Basicamente era isso que os irmãos estavam encarregados de fazer: zelar e nutrir o detrito da alma humana.

— Pode deixar pa...Gaster! Eu e Sans vamos cuidar muito bem dela. – Papyrus disse animado, pegando o contêiner e começando a arrastá-lo em sua direção, fora impedido de segurá-lo quando o doutor colocara sua mão em cima do recipiente, forçando para que o menor não arrastasse mais.

. Em seguida lançou um olhar fulminante no menor que se encolheu amedrontado.

Jamais faça isso novamente, o detrito não é um bichinho de estimação. — Gaster o repreendeu com um olhar firme, suas órbitas vazias fizeram o mais novo se encolher amedrontado.

— Me desculpe... – Papyrus arrependido tentava sem sorte reverter à situação. Sans olhava para a situação completamente perdido, querendo defender o irmão, mas ao mesmo tempo tendo consciência da magnitude daquela peça.

Isso não é igual a outros trabalhos que fizeram. — O doutor os olhava firme, com os olhos cravados neles, os obrigando a prestar atenção em seus gestos.
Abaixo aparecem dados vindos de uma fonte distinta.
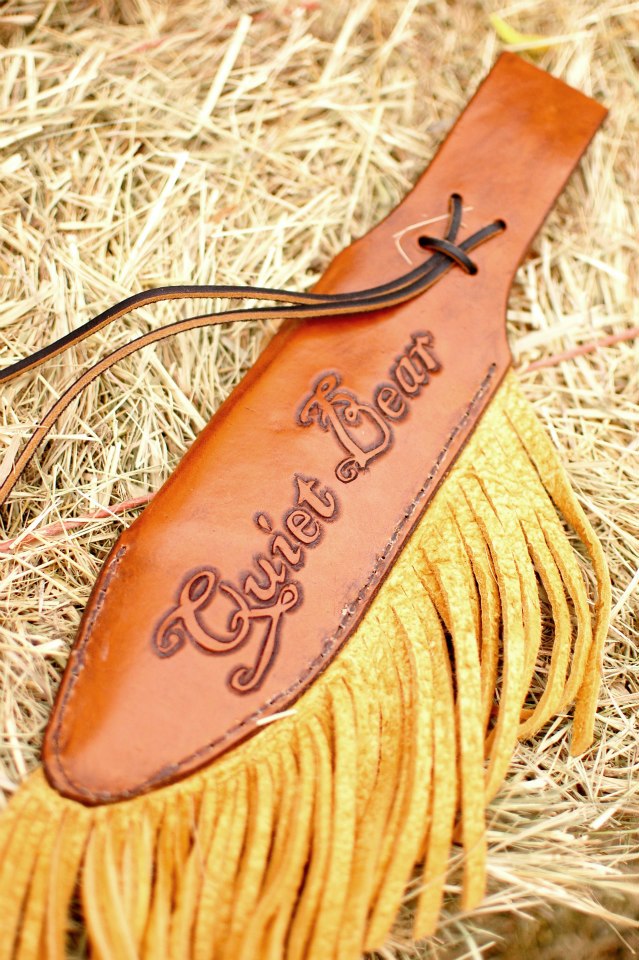 back of knife sheath. I know, I forgot to bevel/background the lower loop on the "Q" OOPs. This was my first try at using the D.o.I. Declaration of Independence) font. Again, wanting to use only "period" style, methods and materials I fashioned a locking lace closure for the belt loop on the knife sheath.

Continuando de maneira calma, mas ao mesmo tempo sério e determinado. – Estou em busca muito mais do que conhecimento, busco algo que nos tirará daqui, que reverterá toda nossa terrível situação. Mas isso não será possível caso arruínem tudo.

Os irmãos ficaram calados, olhando para o chão encabulados. Sabiam que deveriam agir de maneira séria e madura quando se tratava dos projetos de Gaster, o doutor os havia ensinado isso desde que nasceram. Mas mesmo assim continuavam a serem crianças curiosas e imaturas, com atitudes quase imprevisíveis.

E Gaster sabia disso. Não era uma pessoa paciente, jamais fora, e frequentemente explodia com os dois. Entretanto tinha a consciência de que jamais iria para frente se não soubesse lidar com Sans e Papyrus. Tinha orgulho da educação que havia os dado e do vasto conhecimento científico que ambos tinham com tão pouca idade, num subsolo onde o ramo científico não era mais tão apreciado os dois eram o único suporte que ele tinha, mesmo que com ajudas tão simples. Deveria entendê-los, mas era difícil com todo o peso em suas costas.

Tudo que eu peço é que entendam o que está acontecendo, o quanto isso é importante. Quero que pensem antes de agir e que saibam como se portar, pois agora são de certa forma meus auxiliares. — Tentara novamente explicar de forma mais tranquila, e ao deixar mais claro foi de imediato à volta no brilho do olhar dos dois.

— Quer dizer como assistentes? Então nós vamos ter jalecos legais de cientistas?! – Sans indagara, ficara tão animado que mal parecia ele mesmo sempre tão calmo e distraído.

— Eu quero um jaleco legal de cientista! – Papyrus quase gritara, com os braços erguidos de empolgação.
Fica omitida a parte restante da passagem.